A sustained campaign of attacks since the start of the year has increased fears of wider conflict in a country where ethnic Kurds, Shi'ite and Sunni Muslims have yet to find a stable power-sharing compromise.

Insurgents including al-Qa'ida's Iraqi affiliate have been recruiting from the country's Sunni minority, which resents Shi'ite domination since the US led invasion that toppled Saddam Hussein ten years ago in 2003.

Intercommunal tensions have been inflamed by the civil war in neighbouring Syria, which has increasingly been fought along sectarian lines, drawing in Shi'ite and Sunni fighters from Iraq and elsewhere to fight on opposite sides of the conflict.

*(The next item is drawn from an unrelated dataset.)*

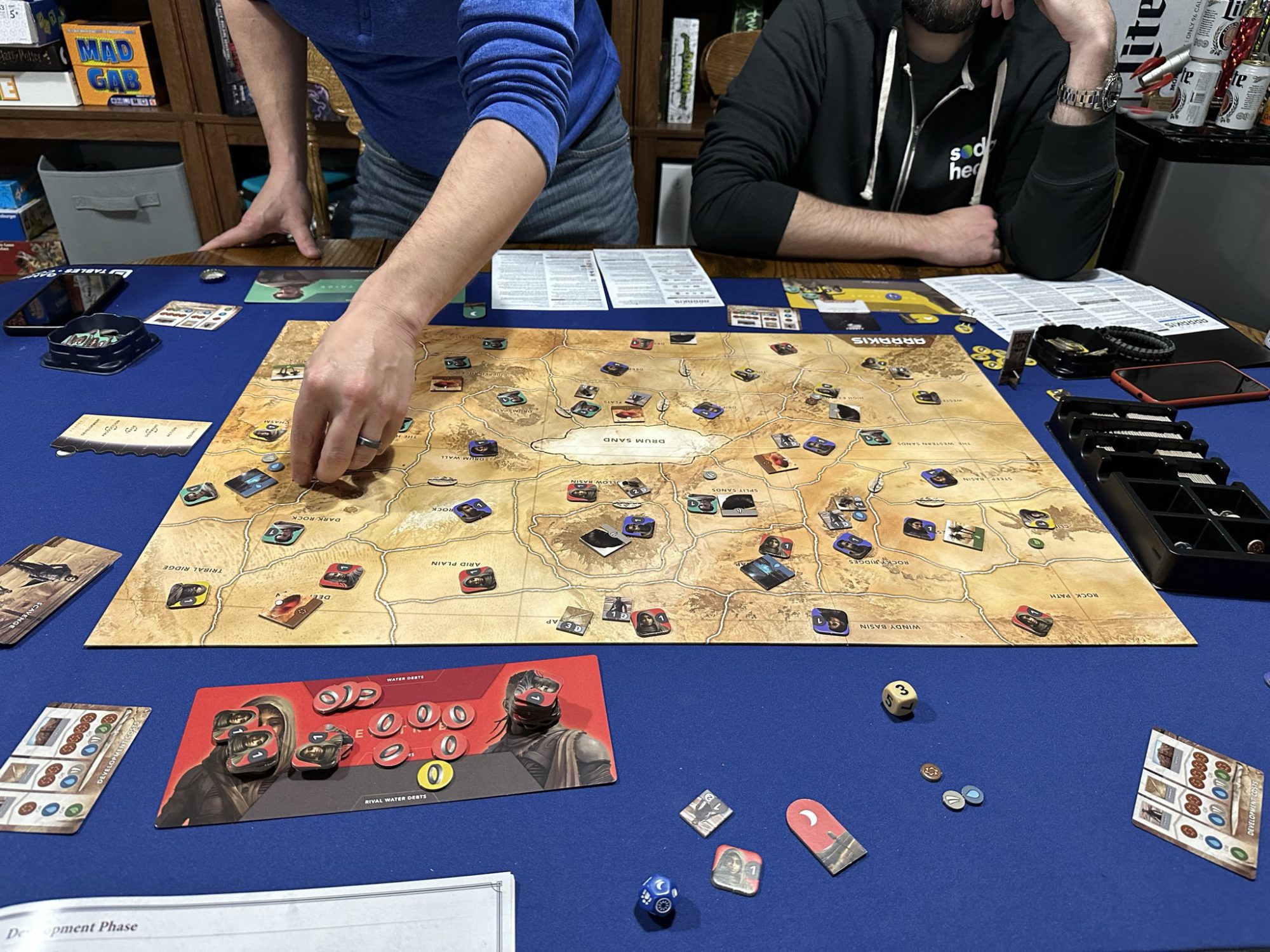 Arrakis is a game with a firm structure. Combat is an exercise in math, there are no unknown elements like cards or dice. Upgrades like crysknives are purchased and placed out open to all. Opponent’s can intervene but you lose nothing; just take back the attack and go somewhere else. Unless you change the rules.

Although violence is still well below the level it peaked at between 2006 and 2007, Sunni insurgents are striking on a daily basis, seeking to destabilise the Shi'ite-led government and provoke further confrontation.

On Monday, attacks targeting Shi'ites left at least 27 people dead. The number of people killed in militant attacks across Iraq in June reached 761.

Iraqi military forces are now better equipped and trained, but lack the comprehensive intelligence resources and air cover to track insurgents that they enjoyed before U.S. troops withdrew in December 2011.